§ Dataset entries
- - - -
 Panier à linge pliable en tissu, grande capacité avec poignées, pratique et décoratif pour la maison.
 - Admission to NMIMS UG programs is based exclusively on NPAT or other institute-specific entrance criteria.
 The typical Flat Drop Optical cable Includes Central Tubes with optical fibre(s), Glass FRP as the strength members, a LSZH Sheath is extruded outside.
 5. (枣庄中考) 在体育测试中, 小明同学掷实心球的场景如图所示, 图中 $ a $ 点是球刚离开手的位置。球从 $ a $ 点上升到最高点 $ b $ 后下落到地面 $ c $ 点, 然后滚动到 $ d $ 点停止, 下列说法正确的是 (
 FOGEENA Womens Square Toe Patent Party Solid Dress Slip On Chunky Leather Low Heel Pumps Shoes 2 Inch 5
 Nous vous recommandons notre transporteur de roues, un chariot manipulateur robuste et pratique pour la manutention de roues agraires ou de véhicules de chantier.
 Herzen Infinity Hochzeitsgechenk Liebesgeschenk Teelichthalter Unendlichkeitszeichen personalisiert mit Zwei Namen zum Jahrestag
- - - -
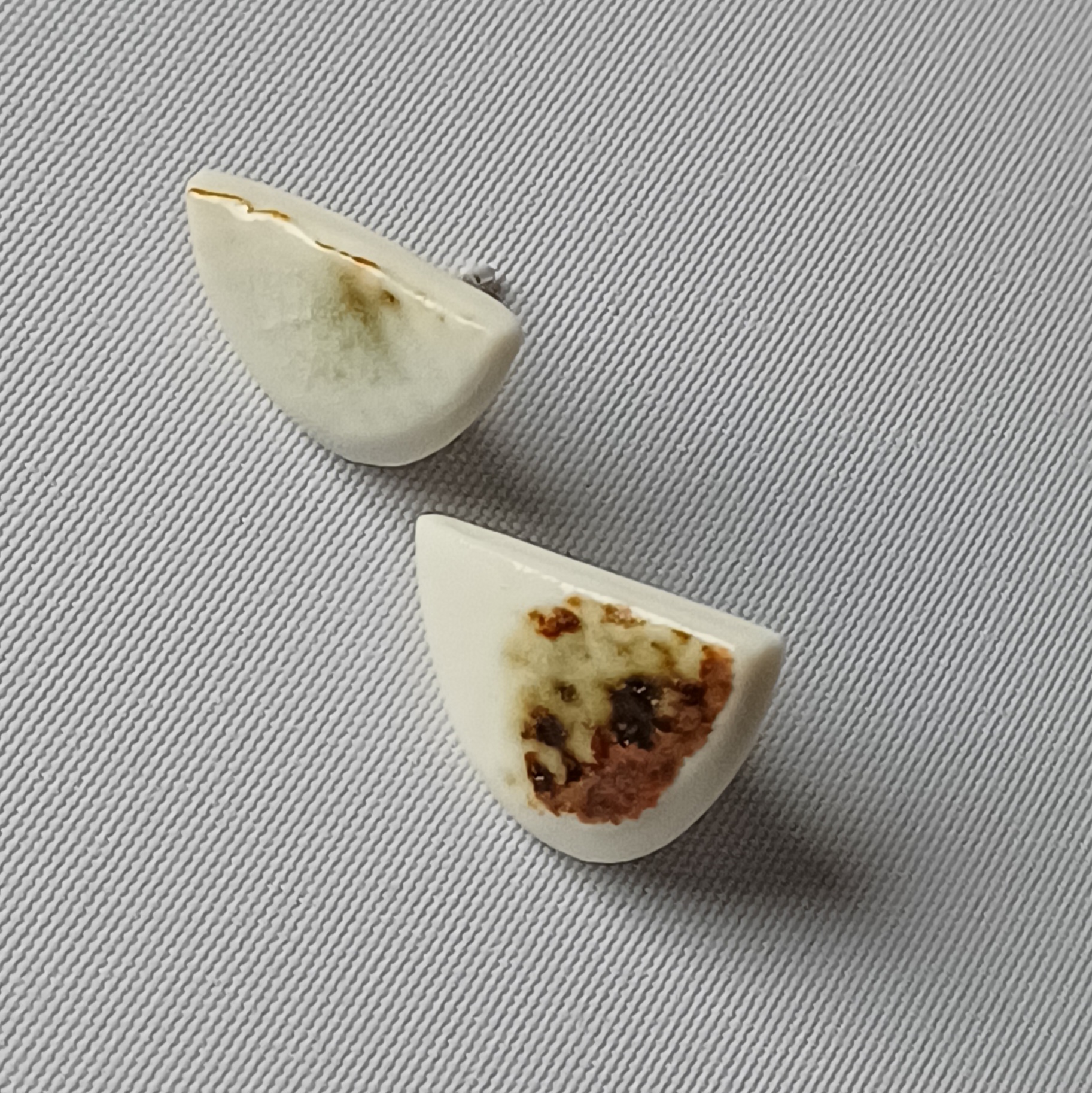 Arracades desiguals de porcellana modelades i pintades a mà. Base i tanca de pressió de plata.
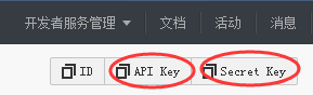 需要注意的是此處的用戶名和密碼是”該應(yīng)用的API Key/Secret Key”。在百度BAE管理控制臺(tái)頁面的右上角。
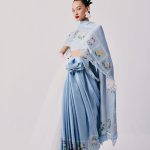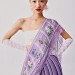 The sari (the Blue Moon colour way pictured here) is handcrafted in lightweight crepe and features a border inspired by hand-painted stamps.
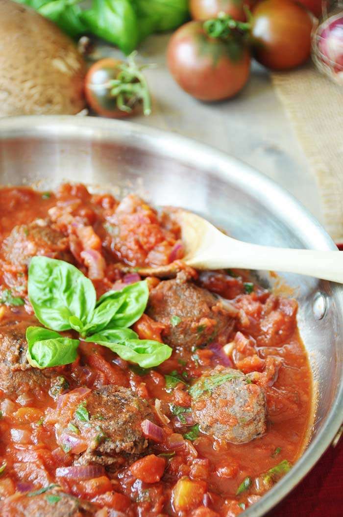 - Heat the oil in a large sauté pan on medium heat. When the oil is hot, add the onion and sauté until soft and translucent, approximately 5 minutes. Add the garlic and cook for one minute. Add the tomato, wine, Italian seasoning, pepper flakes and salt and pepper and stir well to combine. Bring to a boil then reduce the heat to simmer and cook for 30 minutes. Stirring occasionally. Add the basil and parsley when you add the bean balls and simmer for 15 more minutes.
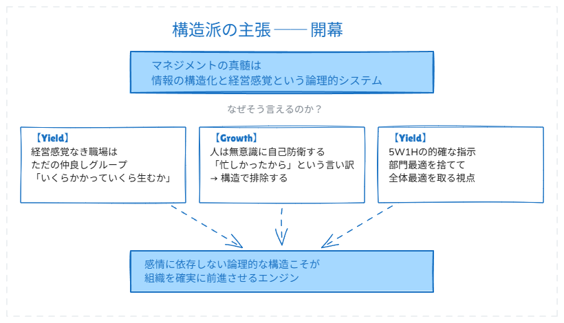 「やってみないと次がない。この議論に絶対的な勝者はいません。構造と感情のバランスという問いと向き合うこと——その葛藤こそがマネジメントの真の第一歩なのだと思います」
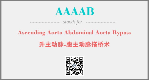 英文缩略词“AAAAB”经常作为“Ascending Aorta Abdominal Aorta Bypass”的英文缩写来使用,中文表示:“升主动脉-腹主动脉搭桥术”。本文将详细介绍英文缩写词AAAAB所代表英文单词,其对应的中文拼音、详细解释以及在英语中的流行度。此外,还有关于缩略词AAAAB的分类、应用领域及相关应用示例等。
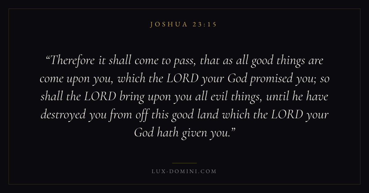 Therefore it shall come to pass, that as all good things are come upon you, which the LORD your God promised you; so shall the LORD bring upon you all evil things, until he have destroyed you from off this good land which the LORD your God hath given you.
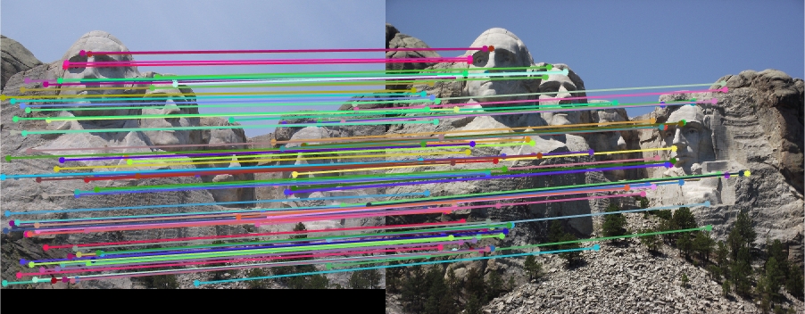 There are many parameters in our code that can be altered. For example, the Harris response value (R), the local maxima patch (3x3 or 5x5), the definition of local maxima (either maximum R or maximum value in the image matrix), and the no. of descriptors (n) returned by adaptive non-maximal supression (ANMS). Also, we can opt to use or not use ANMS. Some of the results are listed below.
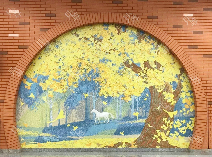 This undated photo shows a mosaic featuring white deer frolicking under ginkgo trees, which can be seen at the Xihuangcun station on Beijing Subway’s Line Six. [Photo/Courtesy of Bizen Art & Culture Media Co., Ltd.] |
- - - -
Your task is to retype the entries verbatim, starting with the line that holds "Panier à linge" and stopping after the line that holds "5. (枣庄中考) 在体育测试中, 小明同学掷实心球的场景如图所示, 图中".

§ Written reply
 Panier à linge pliable en tissu, grande capacité avec poignées, pratique et décoratif pour la maison.
 - Admission to NMIMS UG programs is based exclusively on NPAT or other institute-specific entrance criteria.
 The typical Flat Drop Optical cable Includes Central Tubes with optical fibre(s), Glass FRP as the strength members, a LSZH Sheath is extruded outside.
 5. (枣庄中考) 在体育测试中, 小明同学掷实心球的场景如图所示, 图中 $ a $ 点是球刚离开手的位置。球从 $ a $ 点上升到最高点 $ b $ 后下落到地面 $ c $ 点, 然后滚动到 $ d $ 点停止, 下列说法正确的是 (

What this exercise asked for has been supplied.